◆ **Requirement**
Write out every entry precisely as given, leaving the pictures out.

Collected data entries

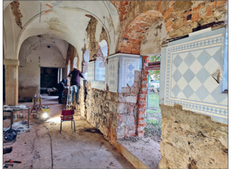
Sanierung Fliesenspiegel im ehemaligen Pferdestall
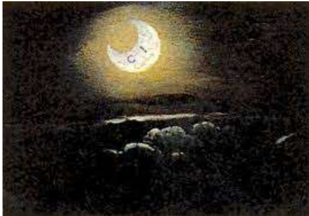
Lucina Brembati , olio su tavola 1518 Bergamo, Accademia Carrara
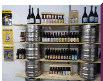
BRASSERIE DE LA DIVATTE

Dégustation de la production de la brasserie artisanale dans une ambiance conviviale. Soirées concerts Bière & Musique une fois par mois et autres événements festifs à découvrir sur la page facebook.
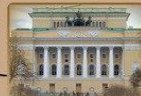
Александринский Театр Пл. Островского 1 1500 метров
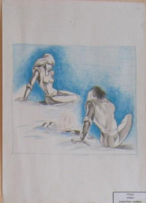
Айраулы Айраулы Айраулы

◆ **Result**
Sanierung Fliesenspiegel im ehemaligen Pferdestall
Lucina Brembati , olio su tavola 1518 Bergamo, Accademia Carrara
BRASSERIE DE LA DIVATTE

Dégustation de la production de la brasserie artisanale dans une ambiance conviviale. Soirées concerts Bière & Musique une fois par mois et autres événements festifs à découvrir sur la page facebook.
Александринский Театр Пл. Островского 1 1500 метров
Айраулы Айраулы Айраулы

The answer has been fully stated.